• **Your objective**
Your answer must be the full listing, reproduced exactly, minus any pictures.

Start of Data excerpt

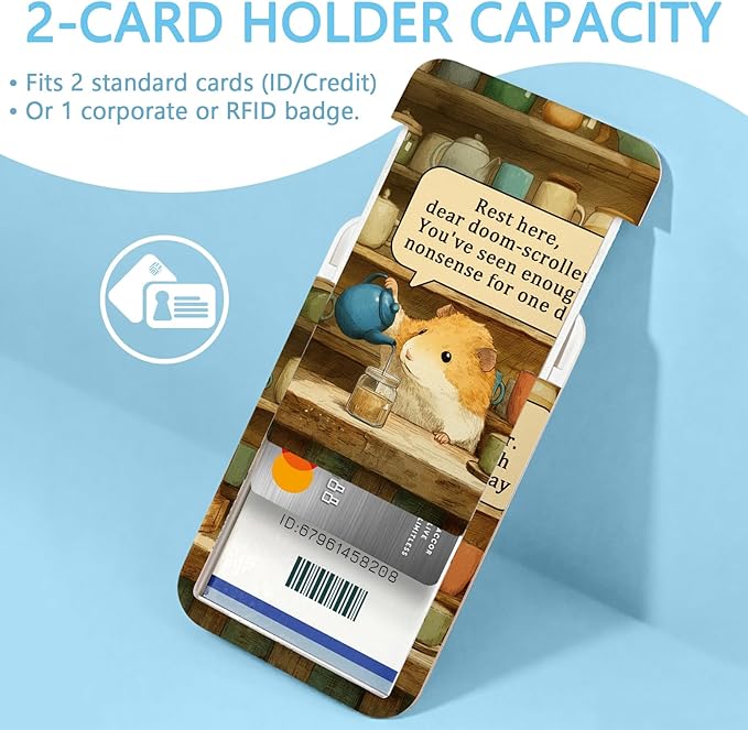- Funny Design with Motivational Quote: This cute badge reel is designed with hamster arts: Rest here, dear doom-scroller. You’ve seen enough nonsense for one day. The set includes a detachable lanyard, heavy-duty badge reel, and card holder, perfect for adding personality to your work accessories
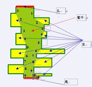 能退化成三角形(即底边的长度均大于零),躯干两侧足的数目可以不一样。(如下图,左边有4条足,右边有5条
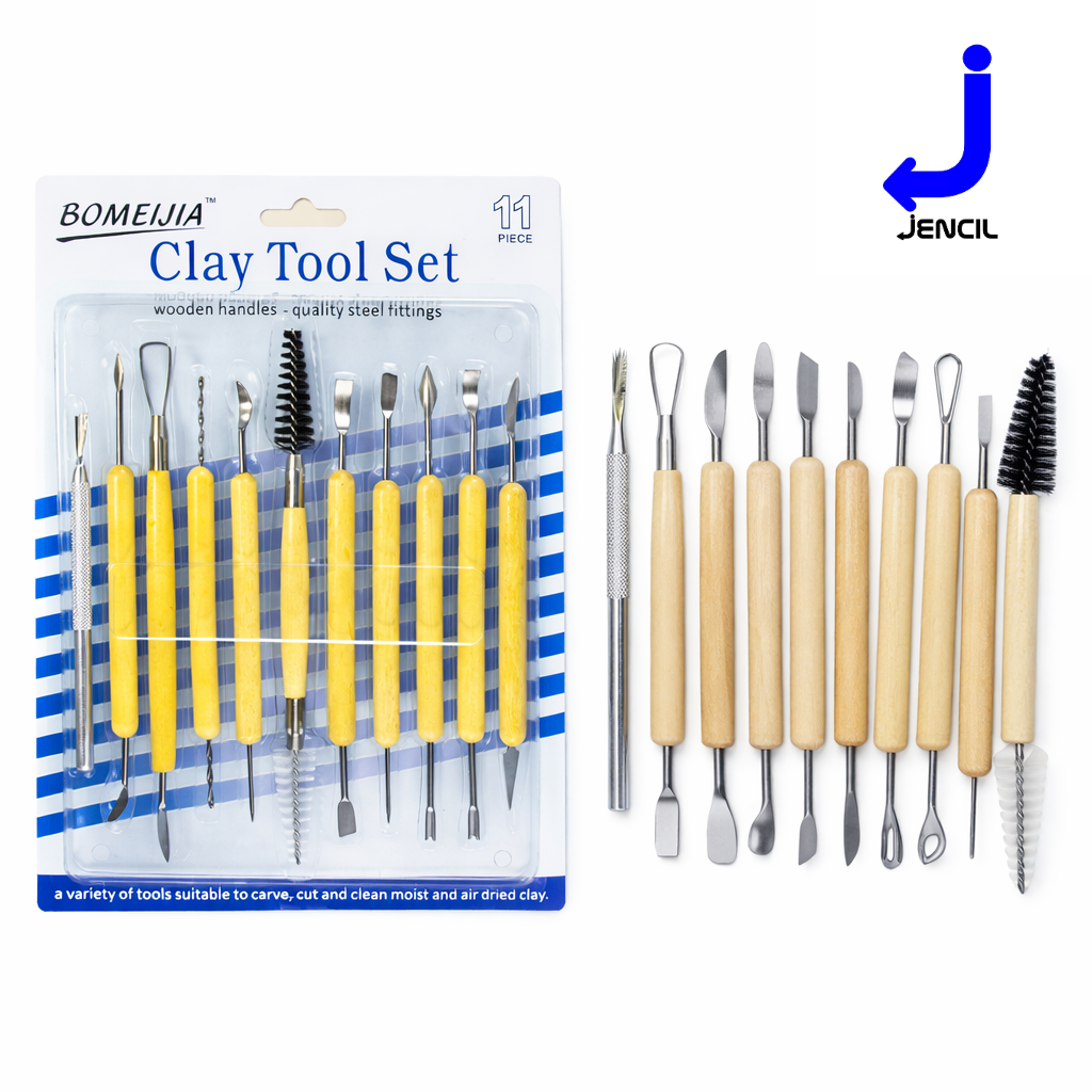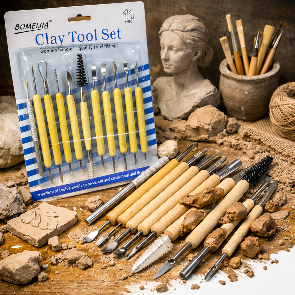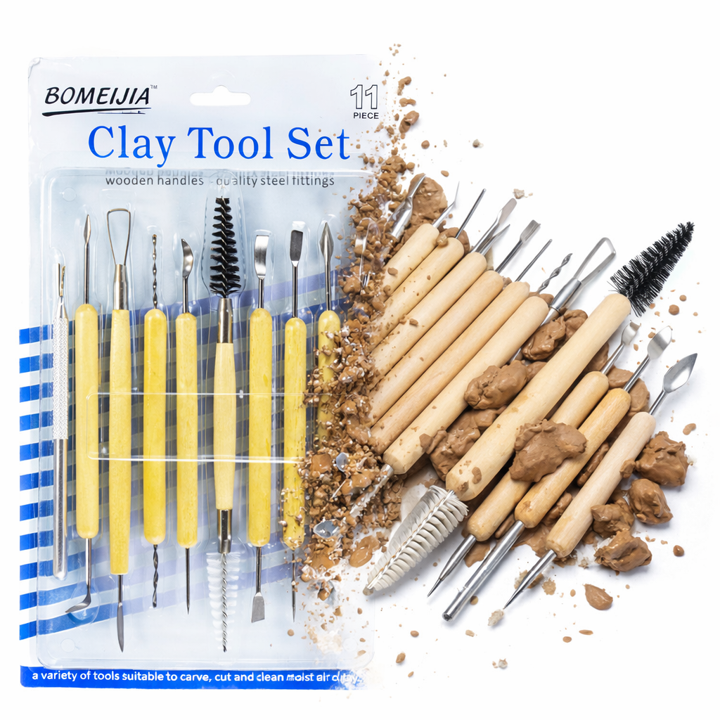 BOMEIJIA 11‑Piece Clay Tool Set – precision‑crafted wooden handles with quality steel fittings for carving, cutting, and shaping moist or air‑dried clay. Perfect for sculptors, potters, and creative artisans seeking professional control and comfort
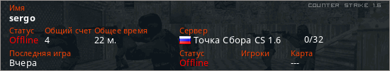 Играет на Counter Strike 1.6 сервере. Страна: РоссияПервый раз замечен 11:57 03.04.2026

End of Data excerpt

• **Response box**
- Funny Design with Motivational Quote: This cute badge reel is designed with hamster arts: Rest here, dear doom-scroller. You’ve seen enough nonsense for one day. The set includes a detachable lanyard, heavy-duty badge reel, and card holder, perfect for adding personality to your work accessories
 能退化成三角形(即底边的长度均大于零),躯干两侧足的数目可以不一样。(如下图,左边有4条足,右边有5条
 BOMEIJIA 11‑Piece Clay Tool Set – precision‑crafted wooden handles with quality steel fittings for carving, cutting, and shaping moist or air‑dried clay. Perfect for sculptors, potters, and creative artisans seeking professional control and comfort
 Играет на Counter Strike 1.6 сервере. Страна: РоссияПервый раз замечен 11:57 03.04.2026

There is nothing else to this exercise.